Industri persusuan di dalam negeri terpuruk sejak kebijakan Keppres No. 2/1985 yang melindungi pengembangan peternak sapi perah rakyat dicabut oleh Inpres 4/1998. Kebijakan ini sebagai konsekuensi ditandatanganinya LoI (letter of intent) dengan Bank Dunia, pascakrisis ekonomi 1997.
Mulai saat itu, peternakan sapi perah rakyat berada pada kondisi pasar bebas. Dampak yang terjadi, ternyata sebelum krisis ekonomi 1997, produksi susu segar dalam negeri (SSDN) mampu berkontribusi 50% terhadap permintaannya, yang diproduksi oleh 235 koperasi susu.
Kini, kemampuan produksi SSDN tidak lebih dari 22,73% yang diproduksi oleh 55 koperasi susu.

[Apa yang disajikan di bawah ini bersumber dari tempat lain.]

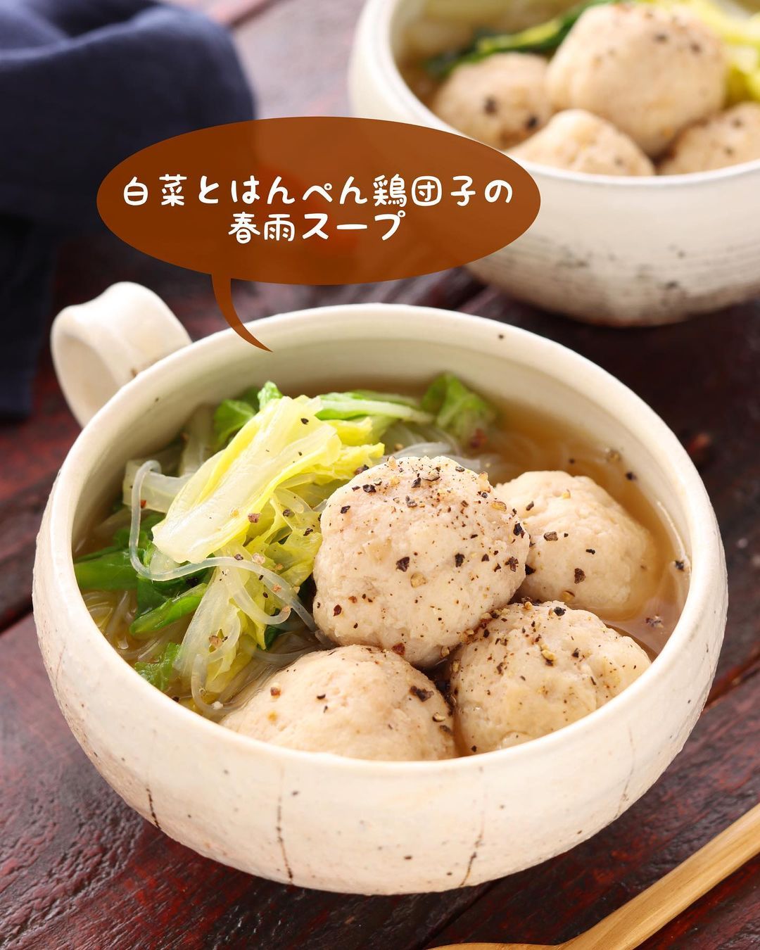 𓎩 #白菜とはんぺん鶏団子の春雨スープ
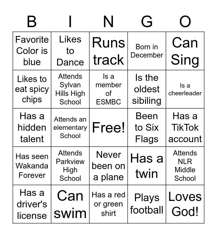 This bingo card has a free space and 24 words: Attends Parkview High School, Can swim, Is a member of ESMBC, Has a driver's license, Can Sing, Favorite Color is blue, Likes to eat spicy chips, Likes to Dance, Been to Six Flags, Never been on a plane, Is the oldest sibiling, Has a hidden talent, Has a twin, Attends NLR Middle School, Attends Sylvan Hills High School, Plays football, Has a TikTok account, Runs track, Is a cheerleader, Attends an elementary School, Loves God!, Has seen Wakanda Forever, Born in December and Has a red or green shirt.
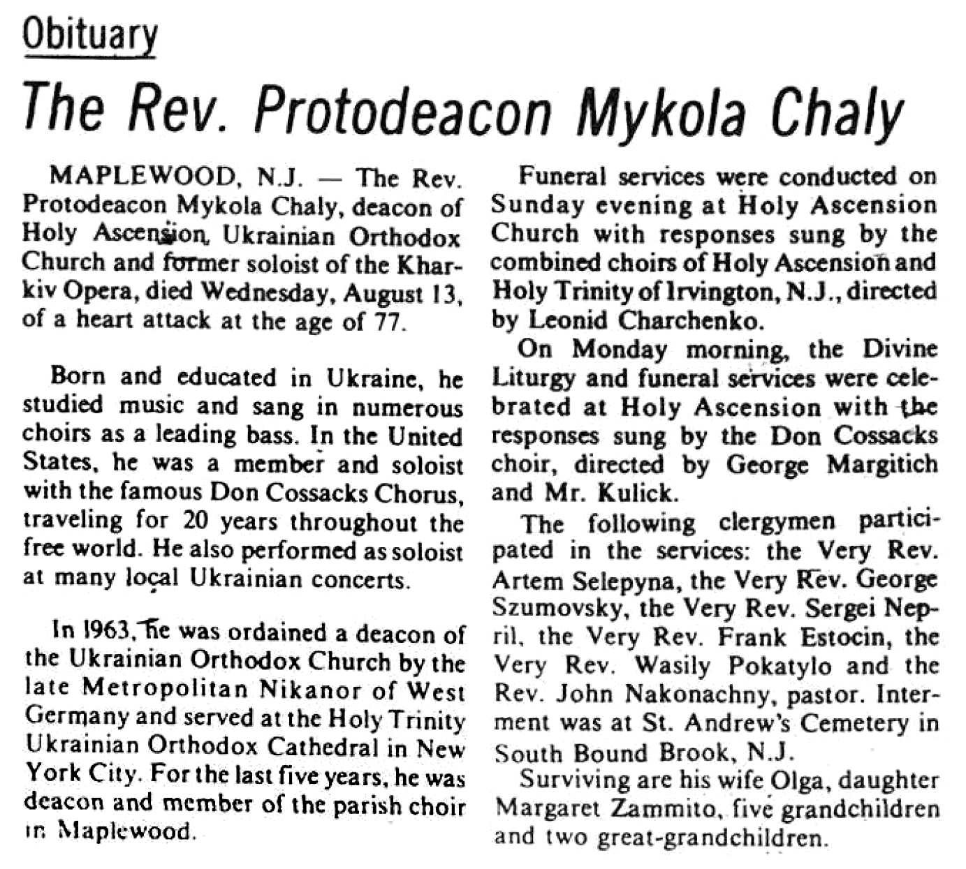MAPLEWOOD, N.J. – Reverend Protodiakon Mykola Chaly, Diakon von Holy Ascension, Ukrainisch-Orthodoxe Kirche und ehemalige Solistin der Kharkov Opera, starb am Mittwoch, den 13. August im Alter von 77 Jahren an einem Herzinfarkt.
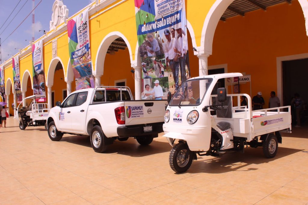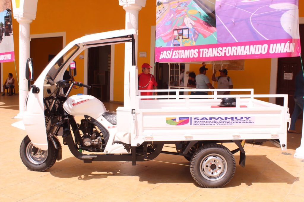 Con una inversión de 1,140,000 pesos se adquirió una camioneta Nissan NP300 2023, con redilas, una camioneta Nissan Frontier 2023, 2 Trimotos Kingway 2023 y 2 cajas con herramientas de uso exclusivo para fontanería y una caja de herramientas para trabajos de mantenimiento. Esto con la finalidad única de mejorar aún más el servicio de agua potable en Umán.
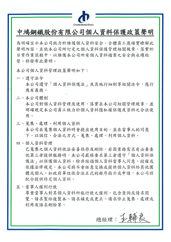 本公司遵循《個人資料保護法》訂定「個人資料保護政策聲明」,使全體員工瞭解且依本公司個資保護管理相關規章,落實日常作業,以維個資之安全與永續經營。
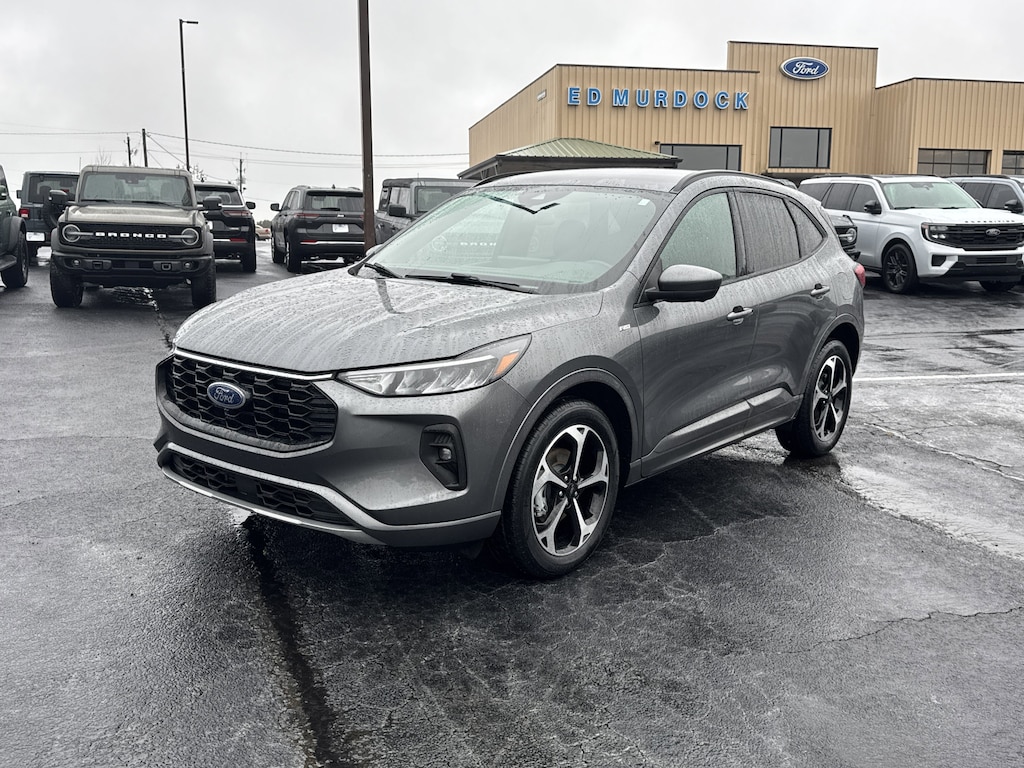 Carbonized Gray Metallic 2023 Ford Escape ST-Line Select AWD 8-Speed Automatic EcoBoost 2.0L I4 GTDi DOHC Turbocharged VCT 10-Way Power Driver's Seat, 12.3" Productivity Screen in Instrument Cluster, 2.91 Axle Ratio, 360-Degree Camera w/Split View, 6 Speakers, 6-Way Power Passenger Seat, Alloy wheels, AM/FM radio: SiriusXM, AM/FM Stereo, Body Color Mirrors, Brake assist, Class II Trailer Tow Package, Compass, Connected Built-In Navigation, Driver door bin, Driver vanity mirror, Electronic Stability Control, Equipment Group 401A, Ford Co-Pilot360 Assist 2.0, FordPass Connect, Four wheel independent suspension, Front & Rear Floor Liners w/Carpet Mats, Front reading lights, HD Radio, Heated steering wheel, Heated Vinyl/Cloth Front Sport Contour Bucket Seats, Illuminated entry, Intelligent Adaptive Cruise Control w/Stop-and-Go, Intersection Assist, Memory Package, Outside temperature display, Overhead console, Panic alarm, Passenger door bin, Passenger vanity mirror, Pedestrian Alert Sounder, Power driver seat, Power Liftgate, Power steering, Power windows, Radio data system, Radio: B&O Sound System by Bang & Olufsen, Rear Parking Sensor, Rear window wiper, Remote keyless entry, Reverse Brake Assist, SecuriCode Keyless Entry Keypad, Speed Sign Recognition, Speed-sensing steering, Speed-Sensitive Wipers, Steering wheel mounted audio controls, SYNC 4, SYNC 4 w/Enhanced Voice Recognition, Tech Pack #2, Traction control, Variably intermittent wipers, Wheels: 18" Rock Metallic Painted Aluminum, Wheels: 19" Machined-Face Ebony-Painted Aluminum, Wireless Charging Pad.
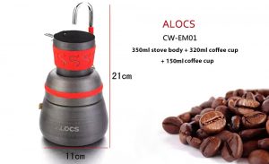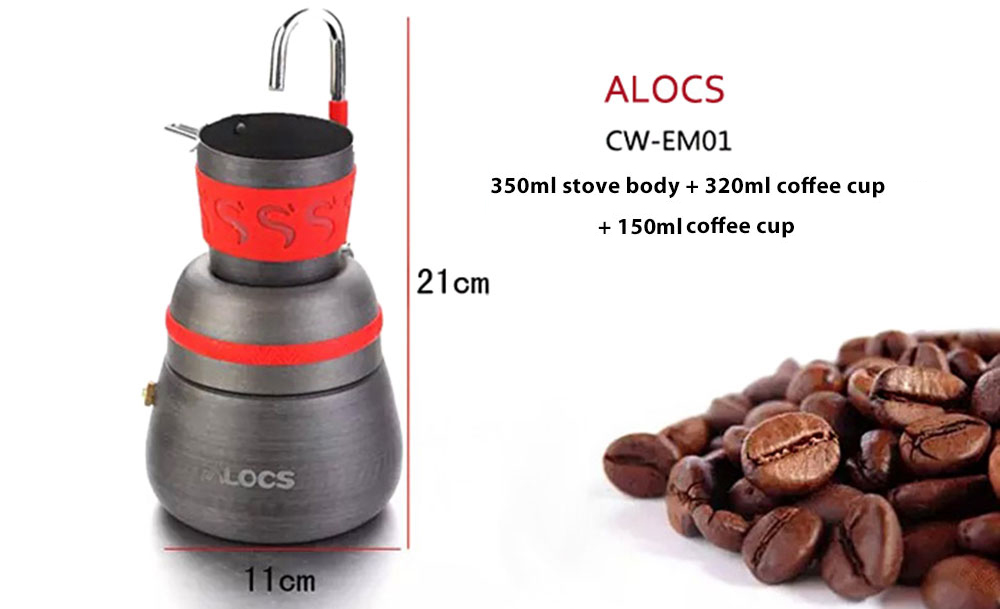 หม้อต้มกาแฟ Alocs ผลิตจาก Aluminium Alloy เคลือบแข็ง ให้ความแข็งแรงทนทานสูง ทนต่อการขูดขีด ทำความสะอาดง่าย สามารถถ่ายเทความร้อนได้ดี ในชุดประกอบด้วยหม้อต้มกาแฟขนาด 350 ml และแก้ว 2 ใบขนาด ใบละ 320 ml และ 150 ml ออกแบบมาให้มีขนาดเล็กและน้ำหนักเบา เหมาะสำหรับพกพาไปดื่มกาแฟโปรดได้ทุกที่
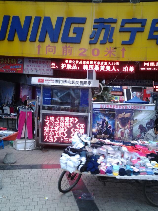 过了地下超市 再往前走一点便是东门桥电影院。里面是什么样子我们不知道,因为我从来也没有去哪里看过电影,每天那都会上映不同的电影,听说票价不贵,但是我也没有去过。至于到底是多少我也就不知道了,电影院是朋友结伴的好去处,也是情侣的最好去处 。
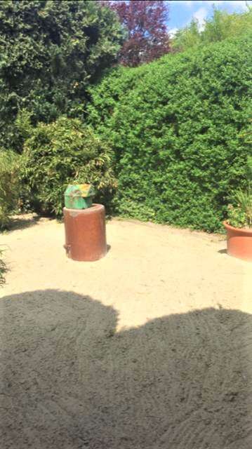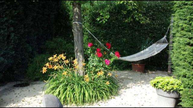 Gegenüber ist die große Garage ein Carport und eine Gartenanlage die zum relaxen einlädt
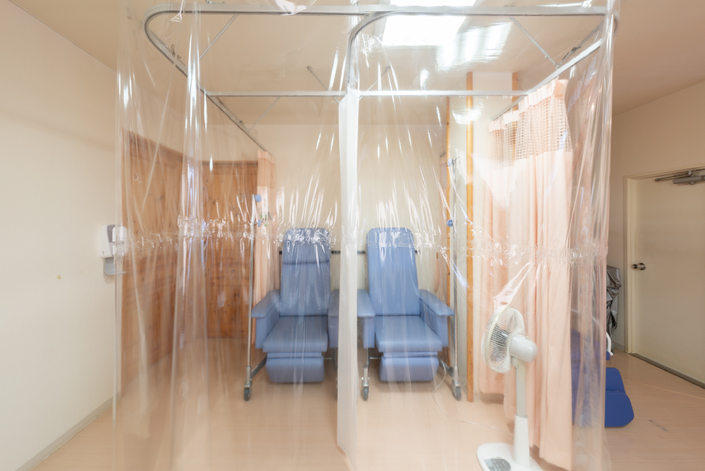 点滴用リクライニングチェアを2台用意しました。くつろいだ状態で点滴治療を受けることが出来ます。チェアの周りはカーテンで囲います。

Sisanya, sekitar 3.392.760 ton susu diimpor dengan nilai tidak kurang dari Rp17,5 triliun per tahun. Artinya, SSDN tidak memiliki daya saing sehingga devisa negara terkuras hanya untuk impor susu guna memenuhi kebutuhan konsumsi di dalam negeri.
Susu termasuk kelompok komoditas pangan pokok bagi kehidupan manusia. Sejak puluhan tahun lalu, tagline yang sangat terkenal mengenai fungsi susu dalam menu pangan adalah “empat sehat lima sempurna”.